**Task statement:**
When you write out the listing, keep every character and omit the pictures.

**Supplied information:**
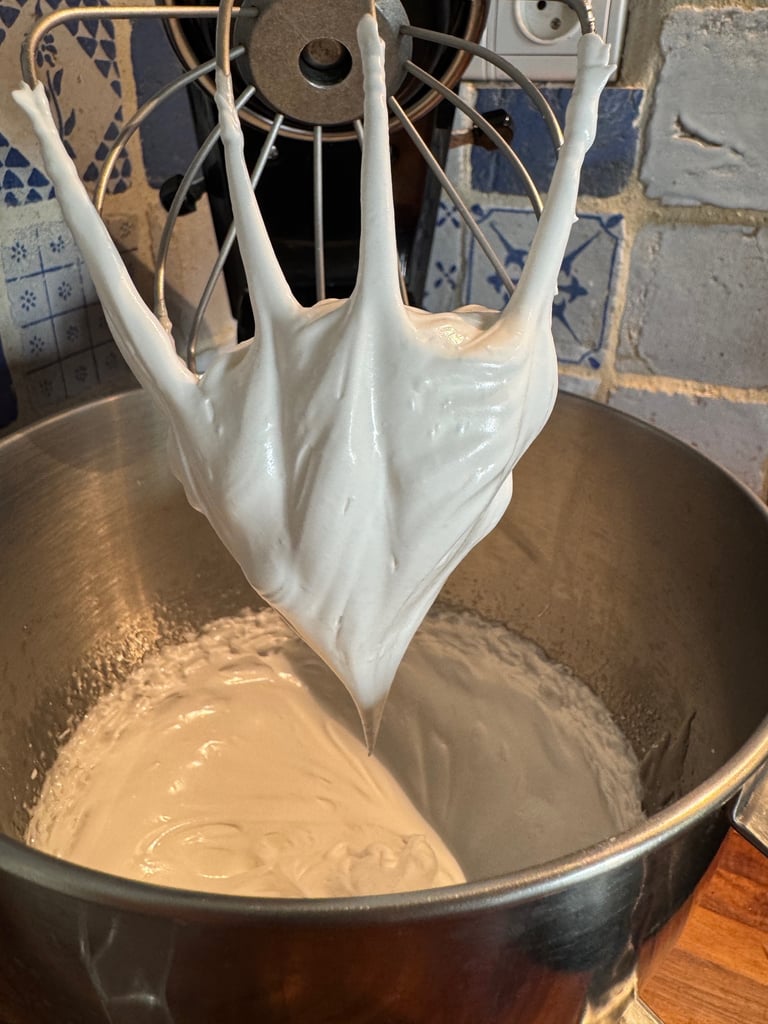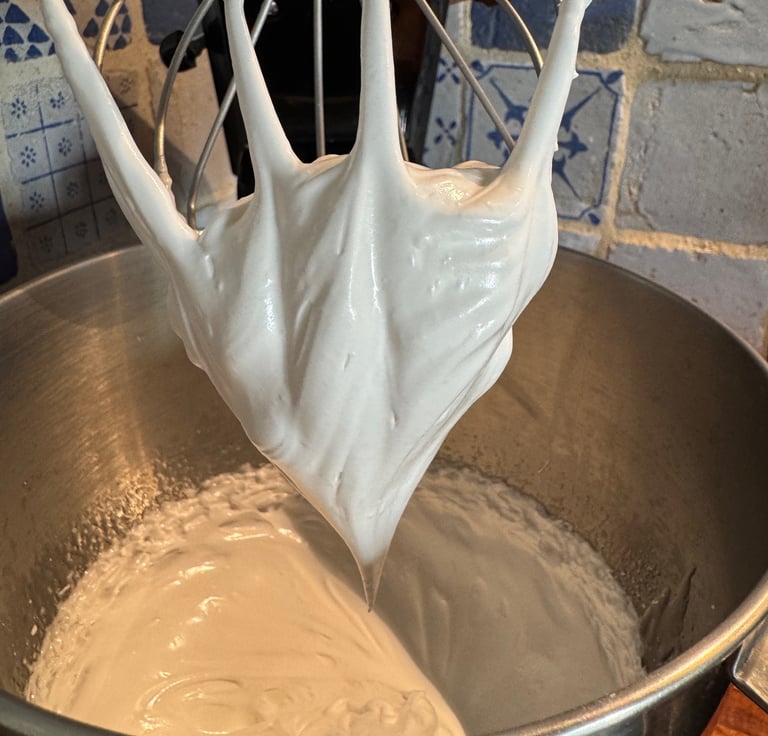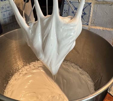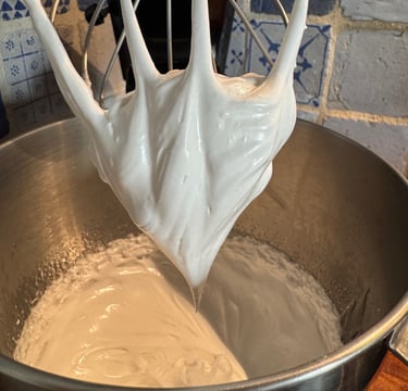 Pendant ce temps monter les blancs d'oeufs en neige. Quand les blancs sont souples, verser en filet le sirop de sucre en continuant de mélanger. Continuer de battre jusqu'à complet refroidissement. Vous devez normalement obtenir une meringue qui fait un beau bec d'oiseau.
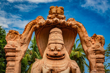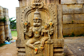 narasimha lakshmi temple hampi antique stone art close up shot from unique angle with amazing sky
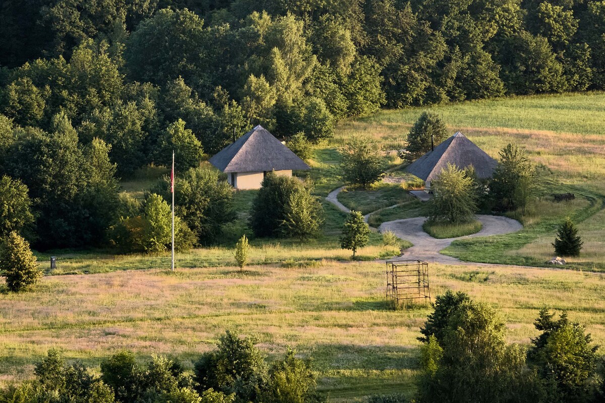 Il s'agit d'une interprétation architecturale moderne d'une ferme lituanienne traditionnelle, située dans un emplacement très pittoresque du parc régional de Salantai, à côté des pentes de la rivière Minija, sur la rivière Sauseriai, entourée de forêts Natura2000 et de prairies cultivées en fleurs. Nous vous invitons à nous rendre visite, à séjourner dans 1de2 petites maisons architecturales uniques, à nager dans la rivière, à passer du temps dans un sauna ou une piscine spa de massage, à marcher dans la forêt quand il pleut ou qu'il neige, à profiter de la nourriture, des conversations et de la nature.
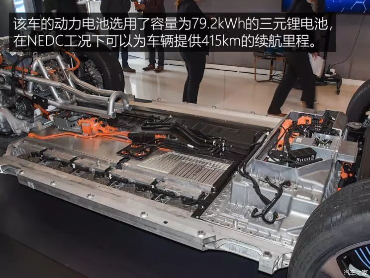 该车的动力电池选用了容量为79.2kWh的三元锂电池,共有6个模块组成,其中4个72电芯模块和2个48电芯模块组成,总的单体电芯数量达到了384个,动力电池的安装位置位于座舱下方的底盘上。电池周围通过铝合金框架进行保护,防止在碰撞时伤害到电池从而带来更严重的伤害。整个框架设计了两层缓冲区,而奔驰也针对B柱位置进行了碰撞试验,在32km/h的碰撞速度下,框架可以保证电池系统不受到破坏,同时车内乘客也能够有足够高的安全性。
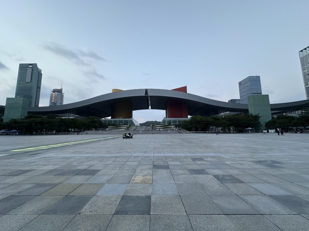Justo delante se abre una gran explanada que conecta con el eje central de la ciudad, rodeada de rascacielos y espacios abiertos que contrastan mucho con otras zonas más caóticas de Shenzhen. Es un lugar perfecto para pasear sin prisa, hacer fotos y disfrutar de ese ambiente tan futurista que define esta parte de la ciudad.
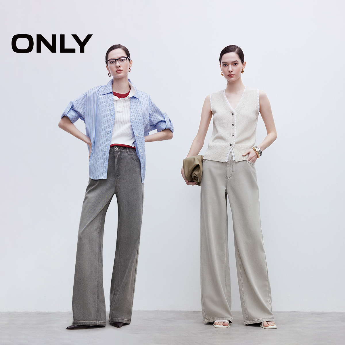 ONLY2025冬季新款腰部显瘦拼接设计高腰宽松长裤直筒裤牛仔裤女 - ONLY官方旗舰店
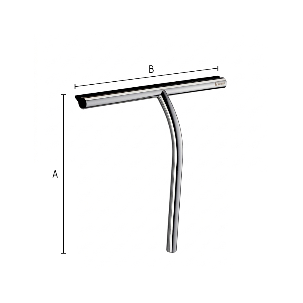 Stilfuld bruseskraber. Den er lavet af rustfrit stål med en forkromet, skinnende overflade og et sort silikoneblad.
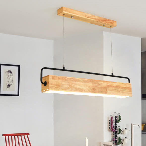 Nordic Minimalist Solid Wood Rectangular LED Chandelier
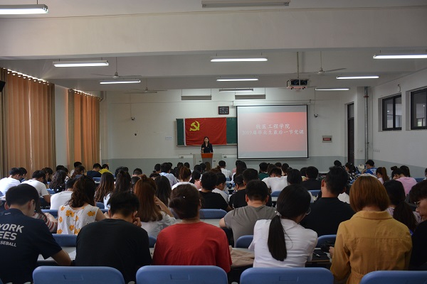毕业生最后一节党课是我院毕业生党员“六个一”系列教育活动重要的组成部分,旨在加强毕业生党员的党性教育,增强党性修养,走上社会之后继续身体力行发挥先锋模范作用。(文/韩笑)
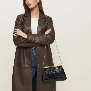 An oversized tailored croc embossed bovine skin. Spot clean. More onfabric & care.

**Output:**
 Pendant ce temps monter les blancs d'oeufs en neige. Quand les blancs sont souples, verser en filet le sirop de sucre en continuant de mélanger. Continuer de battre jusqu'à complet refroidissement. Vous devez normalement obtenir une meringue qui fait un beau bec d'oiseau.
 narasimha lakshmi temple hampi antique stone art close up shot from unique angle with amazing sky
 Il s'agit d'une interprétation architecturale moderne d'une ferme lituanienne traditionnelle, située dans un emplacement très pittoresque du parc régional de Salantai, à côté des pentes de la rivière Minija, sur la rivière Sauseriai, entourée de forêts Natura2000 et de prairies cultivées en fleurs. Nous vous invitons à nous rendre visite, à séjourner dans 1de2 petites maisons architecturales uniques, à nager dans la rivière, à passer du temps dans un sauna ou une piscine spa de massage, à marcher dans la forêt quand il pleut ou qu'il neige, à profiter de la nourriture, des conversations et de la nature.
 该车的动力电池选用了容量为79.2kWh的三元锂电池,共有6个模块组成,其中4个72电芯模块和2个48电芯模块组成,总的单体电芯数量达到了384个,动力电池的安装位置位于座舱下方的底盘上。电池周围通过铝合金框架进行保护,防止在碰撞时伤害到电池从而带来更严重的伤害。整个框架设计了两层缓冲区,而奔驰也针对B柱位置进行了碰撞试验,在32km/h的碰撞速度下,框架可以保证电池系统不受到破坏,同时车内乘客也能够有足够高的安全性。
Justo delante se abre una gran explanada que conecta con el eje central de la ciudad, rodeada de rascacielos y espacios abiertos que contrastan mucho con otras zonas más caóticas de Shenzhen. Es un lugar perfecto para pasear sin prisa, hacer fotos y disfrutar de ese ambiente tan futurista que define esta parte de la ciudad.
 ONLY2025冬季新款腰部显瘦拼接设计高腰宽松长裤直筒裤牛仔裤女 - ONLY官方旗舰店
 Stilfuld bruseskraber. Den er lavet af rustfrit stål med en forkromet, skinnende overflade og et sort silikoneblad.
 Nordic Minimalist Solid Wood Rectangular LED Chandelier
毕业生最后一节党课是我院毕业生党员“六个一”系列教育活动重要的组成部分,旨在加强毕业生党员的党性教育,增强党性修养,走上社会之后继续身体力行发挥先锋模范作用。(文/韩笑)
 An oversized tailored croc embossed bovine skin. Spot clean. More onfabric & care.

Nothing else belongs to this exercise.